[The data]

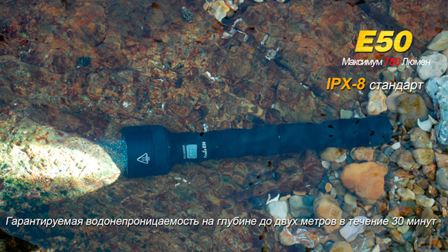 • Надёжность. Ресурс диода CREE XM-L T6  составляет фантастические 50 000 часов (около 5 лет работы). А противоударный корпус фонарика изготовлен из анодированного авиационного алюминия. Свет проходит через сверхпрочное закалённое стекло, также нечувствительное к ударам и устойчивое к царапинам. Наконец, фонарику Fenix E 50 не страшна непогода, даже в сильный ливень Вы можете использовать его, не прикрывая ничем. Более того, если водонепроницаемый фонарь упадёт в воду (глубиной до 2 метров), с ним ничего не случится.
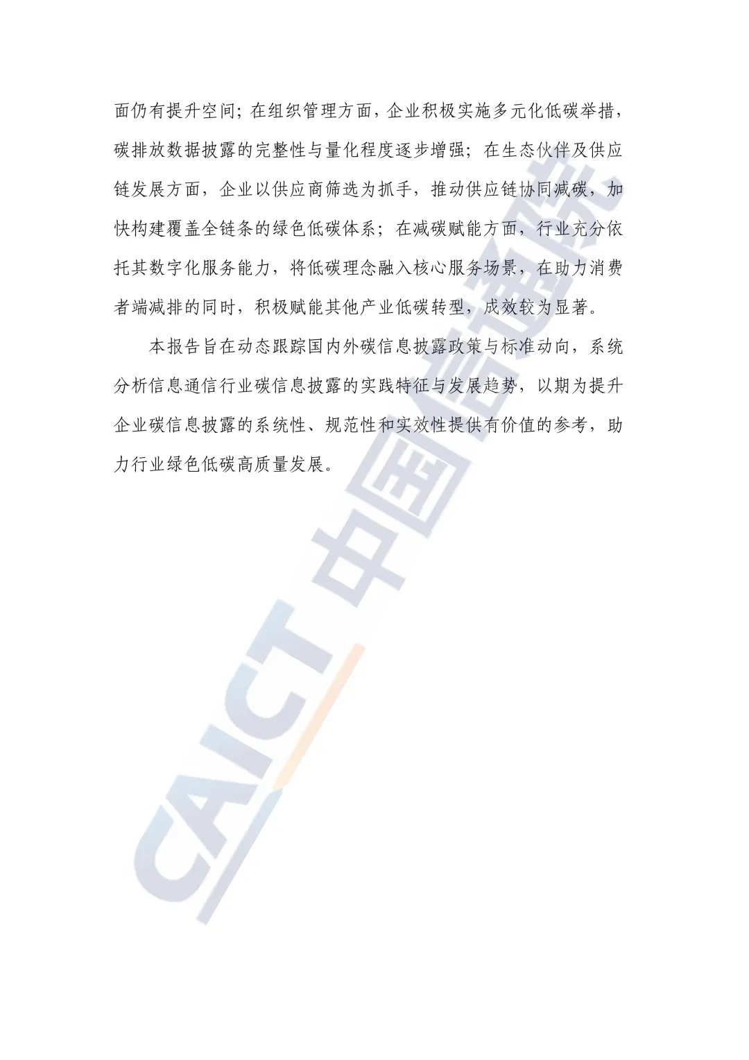 最终结论:中国信息通信行业的碳信息披露工作已从“意识觉醒”进入“实践深化”阶段,在运营减排、绿色创新等方面取得了扎实进展。然而,面向未来更为严格的监管要求和国家“双碳”战略目标,行业亟需在设定雄心勃勃的量化目标、攻克范围三数据管理难题、将绿色治理与绩效考核深度绑定、以及将技术赋能潜力大规模转化为减排实效等关键短板上取得突破。这份报告为行业完成这一跨越提供了清晰的路线图。
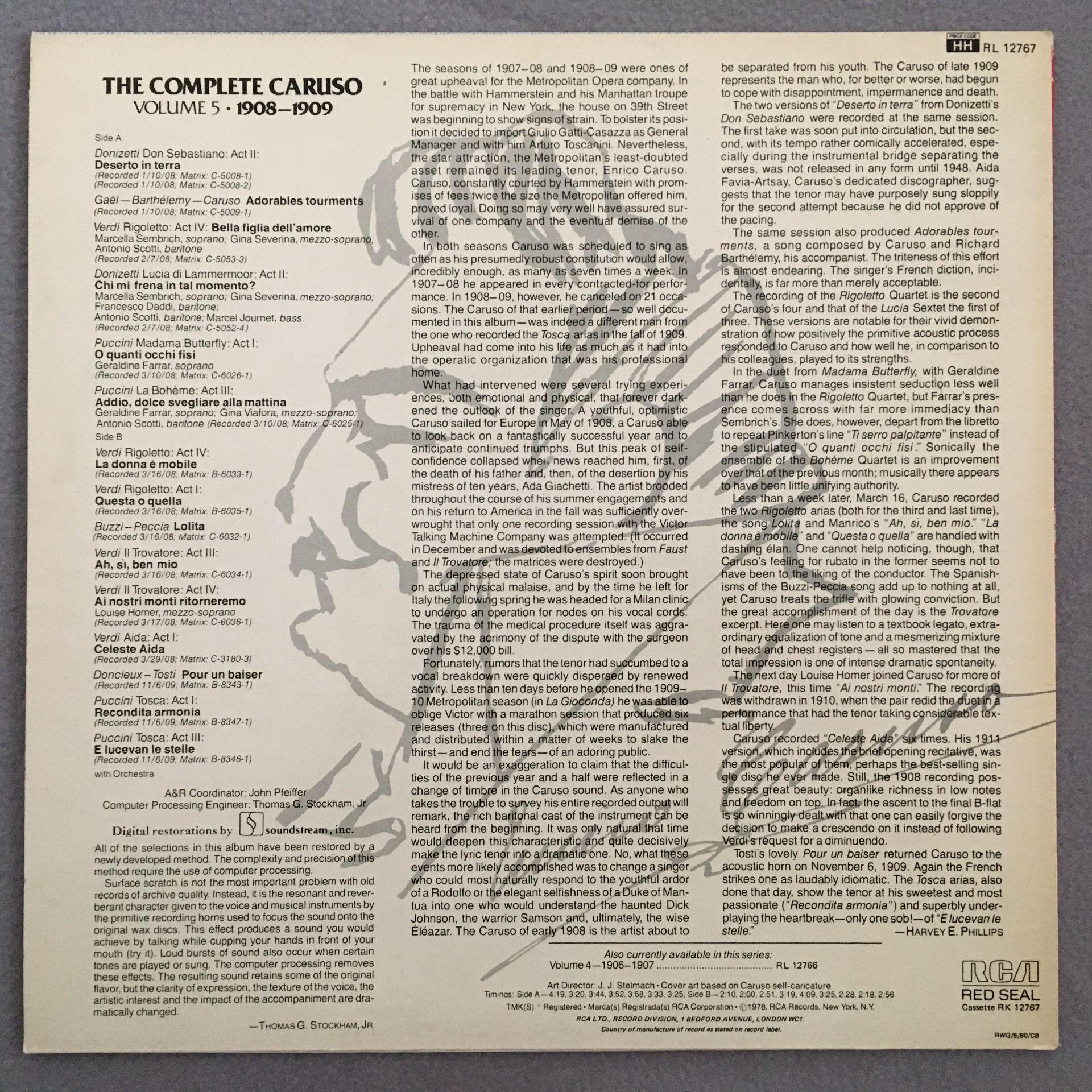 U333 The Complete Caruso Vol. 5 1908-1909 RCA RL 12767 Stereo
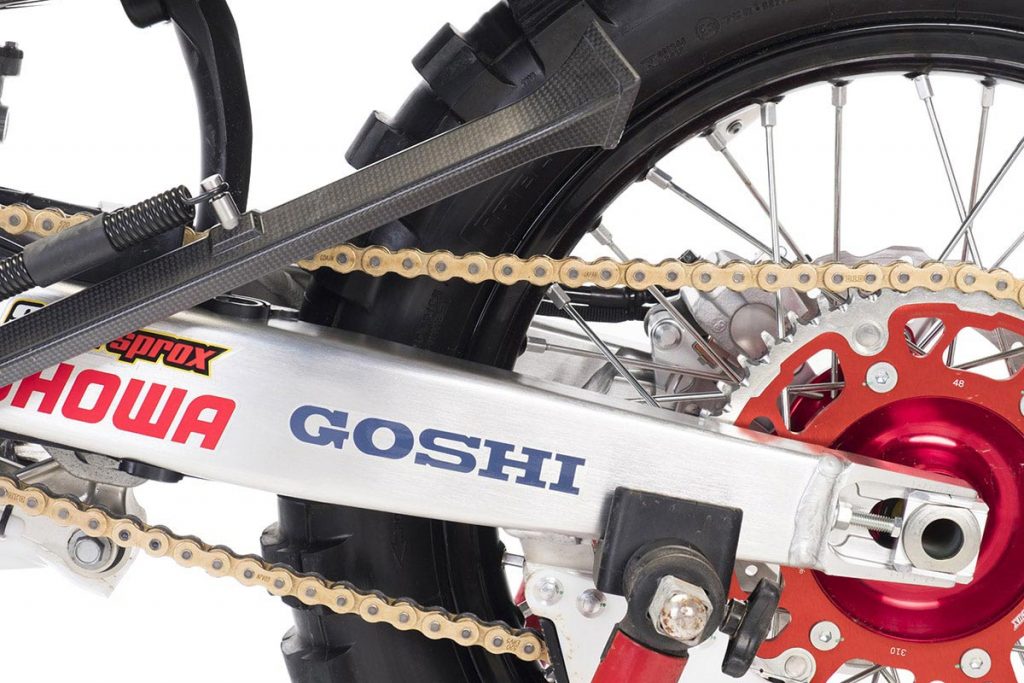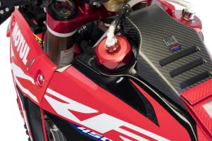 งานเก็บรายละเอียด เริ่มที่การ สร้างซับเฟรมคาร์บอนไฟเบอร์ ใต้ท้องรถ ติดตั้งการ์ดคาร์บอนเคฟลาร์ รวมทั้งมีการใช้แผ่นหุ้มหูโช้คหน้า ซึ่งใช้ระบบช่วงล่างยกชุดที่ดีสุดจาก SHOWA ทั้งหน้าและหลัง สเตอร์จาก Super Sprox วงล้อใช้ DID DirtStar STX ไฮไลท์อีกจุดคือ ถังน้ำมันตีใหม่ แบ่งให้มีฝาเติมซ้าย-ขวา ตรงตำแหน่งถังเดิม และทำไว้อีกชุดตรงแถวๆเพลทใต้เบาะ รวมความจุ 33.7 ลิตร เบาะนั่งใช้งานจากญี่ปุ่น NOGUSHI Racing ระบบหล่อลื่นจับมือกับผลิตภัณฑ์ MOTUL 300V ชุดสีและงานพลาสติกทั้งหมดจาก ACERBIS ชุดการ์ด ชิลด์หน้าจาก GIVI และระบบไอเสียรับผิดชอบโดย TERMIGNONI
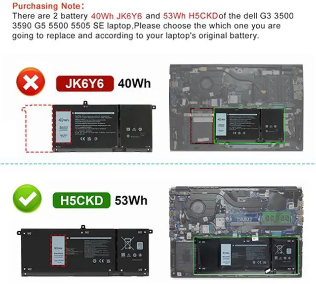 There maybe 2 battery models fit for your laptop: JK6Y6 40Wh and H5CKD 53Wh, just refer to the below picture!
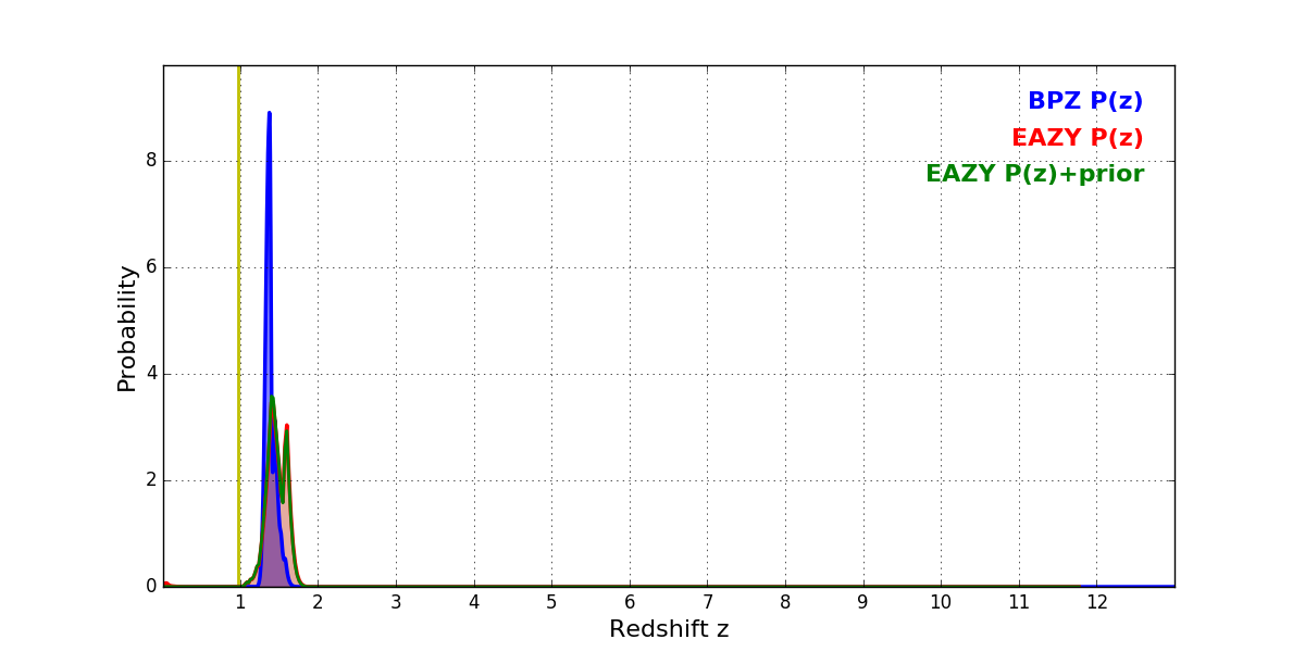 In P(z) plots: Yellow lines mark the cluster redshift z = 0.972,
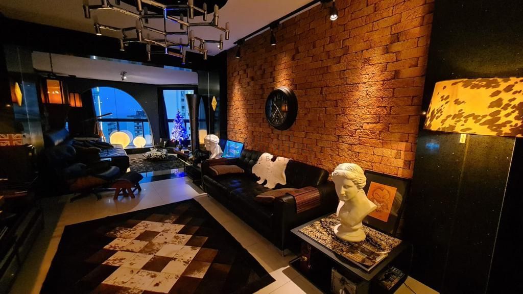 Apartamento contemporâneo, estilo Manhattan, visual noturno tipo New York, industrial e clássico. Apartamento com 3 suítes em frente ao shopping Atlantico no Centro de Balneário Camboriú. Primeira suíte com ar condicionado quente/frio, cama king, frigobar, hidro, sacada aberta. Segunda suíte com ar condicionado, cama casal, estilo parisiense e utilizada diariamente como home office. Terceira suíte temática com ar condicionado, cenas de cinema e cama queen. Sala de jantar, sala intermediária (namoradeira) e den (sala íntima da família), cozinha, área de serviço e dependência empregada. 02 vagas de garagens (lado a lado). Condomínio com salão de festas, piscina aquecida, piscina natação, piscina infantil, sauna úmida com spa (hidro), espaço gym, brinquedoteca, churrasqueira ao ar livre e cinema tela projetada. Ficam todos os eletrodomésticos, o decor e utensílios fazem parte do planejamento total, móveis diferenciados, mesa de demolição real com madeiras de 100 anos, luminária Brookliyn Troy de ferro fundido New York, lareira ecológica a álcool, tv 72 polegadas led 4k, todas as luminárias da sala dimerizadas, louças oxford preto e branco, cristais, banheiros estilo alemão Bauhaus, funcionais. Retira apenas pequenos objetos pessoais. Gostou do imóvel? Entre em contato: (47) 99290-0795
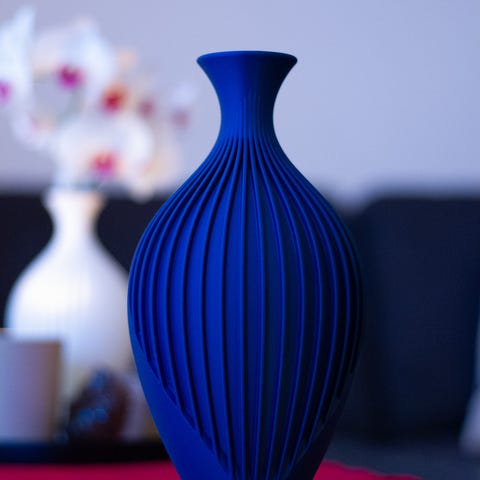 Vasene er laget i PLA, biobasert materiale fremstilt av fornybare råvarer med en matt finish som gir et rent og moderne preg. Enkle å flytte på og står stødig på flate underlag.

[/The data]

* [Directions]: Please output the lines above beginning at the line with "U333 The Complete" and ending after the line with "In P(z) plots: Yellow", precisely as written and with no pictures.

* [Response to the exercise]:
 U333 The Complete Caruso Vol. 5 1908-1909 RCA RL 12767 Stereo
 งานเก็บรายละเอียด เริ่มที่การ สร้างซับเฟรมคาร์บอนไฟเบอร์ ใต้ท้องรถ ติดตั้งการ์ดคาร์บอนเคฟลาร์ รวมทั้งมีการใช้แผ่นหุ้มหูโช้คหน้า ซึ่งใช้ระบบช่วงล่างยกชุดที่ดีสุดจาก SHOWA ทั้งหน้าและหลัง สเตอร์จาก Super Sprox วงล้อใช้ DID DirtStar STX ไฮไลท์อีกจุดคือ ถังน้ำมันตีใหม่ แบ่งให้มีฝาเติมซ้าย-ขวา ตรงตำแหน่งถังเดิม และทำไว้อีกชุดตรงแถวๆเพลทใต้เบาะ รวมความจุ 33.7 ลิตร เบาะนั่งใช้งานจากญี่ปุ่น NOGUSHI Racing ระบบหล่อลื่นจับมือกับผลิตภัณฑ์ MOTUL 300V ชุดสีและงานพลาสติกทั้งหมดจาก ACERBIS ชุดการ์ด ชิลด์หน้าจาก GIVI และระบบไอเสียรับผิดชอบโดย TERMIGNONI
 There maybe 2 battery models fit for your laptop: JK6Y6 40Wh and H5CKD 53Wh, just refer to the below picture!
 In P(z) plots: Yellow lines mark the cluster redshift z = 0.972,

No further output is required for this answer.